Chery bukan satu-satunya perusahaan yang bergerak ke arah baterai solid-state. Sejumlah pemain industri seperti CATL, BYD, Geely, Gotion High-Tech, Farasis Energy, dan CALB juga mengarahkan pengembangan teknologi serupa menuju tahap pengujian pada 2027.

Kondisi tersebut membuat 2027 berpotensi menjadi periode penting bagi perkembangan baterai solid-state di China. Para produsen harus membuktikan bukan hanya angka kepadatan energi yang tinggi, tetapi juga keamanan, konsistensi performa, dan kesiapan teknologi ketika digunakan pada kendaraan.

Bagi Chery, pengujian kendaraan akan memberikan gambaran lebih jelas mengenai kemampuan baterai solid-state hasil pengembangannya. Tahapan ini juga dapat menjadi jembatan antara penelitian teknologi dan penerapan dalam skala produksi.

Apabila hasil pengujian memenuhi standar perusahaan, Chery memiliki peluang untuk melanjutkan teknologi tersebut menuju penggunaan yang lebih luas.

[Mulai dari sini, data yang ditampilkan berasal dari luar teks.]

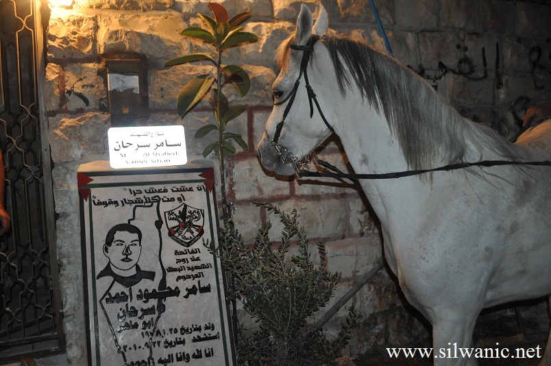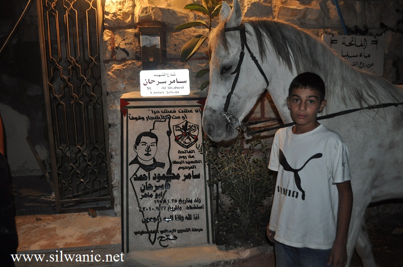 ماهر الابن البكر للشهيد سامر سرحان يقف مع فرس والده امام النصب التذكاري

Namun, sebelum mencapai tahap itu, perusahaan harus memastikan baterai dapat mempertahankan keamanan dan kinerja secara konsisten dalam kondisi penggunaan nyata.

Dengan investasi besar, persiapan fasilitas produksi, serta rencana pengujian melalui Exeed ES8, Chery kini mulai membawa pengembangan baterai solid-state menuju tahap yang lebih konkret. Hasil pengujian mulai 2027 nantinya akan menjadi salah satu faktor penting dalam menentukan kesiapan teknologi tersebut untuk memasuki kendaraan produksi.